Yes, the precipitation is lowest from January through April and from September to December. I definitely can see that the months May through August would be rainy and cool in Cape Town.

I would like to focus on January and February as promising travel months, warm and dry. Within these months, I will look for a 2 week travel window that is most promising.

First I will create a subset dataframe for these dates.

janfeb = capeTown.loc[datetime(2014,1,1) : datetime(2014,2,28)]

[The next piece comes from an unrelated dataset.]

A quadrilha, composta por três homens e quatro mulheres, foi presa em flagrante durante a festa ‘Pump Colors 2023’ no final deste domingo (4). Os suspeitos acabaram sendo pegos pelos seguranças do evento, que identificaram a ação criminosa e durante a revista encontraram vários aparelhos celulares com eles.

I want to know if these months are sunny, hence I will plot the CloudCover

janfeb['CloudCover'].plot(grid=True, figsize=(10,5))
<matplotlib.axes._subplots.AxesSubplot at 0x7f90a5afff60>
Image in a Jupyter notebook

The data is a bit patchy on cloud cover, but it would look like the sunniest period in 2014 was from mid January to end of February.

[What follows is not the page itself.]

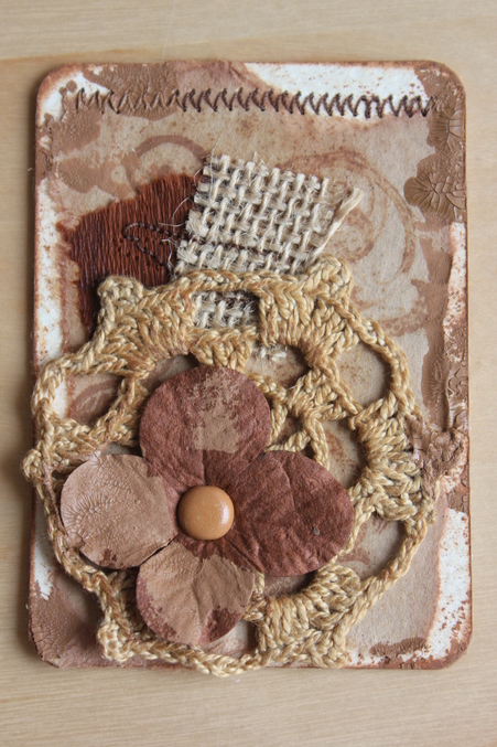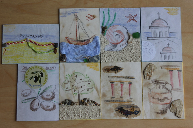 Мои первые выстраданные АТС-ки были сделаны после нашего отпуска в Греции на о. Крит. В каждой АТС-ке есть что-то привезенное с этого острова (камушки, осколки от ракушек, засушенные водоросли, омытые водой стеклышки, настоящий кусочек билетика со штампиком в церковь, бумажка с бутылки оливкого масла, бумажки с дельфинчиками с фресок)! И немного описания!

I will add my other key metrics, mean temperature and precipitation to the graph.

janfeb[['Mean TemperatureC', 'Precipitationmm', 'CloudCover']].plot(grid=True, figsize=(10,5))
<matplotlib.axes._subplots.AxesSubplot at 0x7f90a5a3c7b8>
Image in a Jupyter notebook

The zoomed in view show me that the last 2 weeks of February had the best combination of warm average temperatures, sun and low amounts of rain.

Conclusions

The graphs have shown the variation in temperature, rain and cloud cover throughout the year in Cape Town. Choosing a dry time to travel seems essential, even better if it is warm. My choice would be to travel to Cape Town during the last 2 weeks of February. Of course the analysis is done on 2014 observerd weather, and there is no guarantee that the observed weather will repeat itself in future years.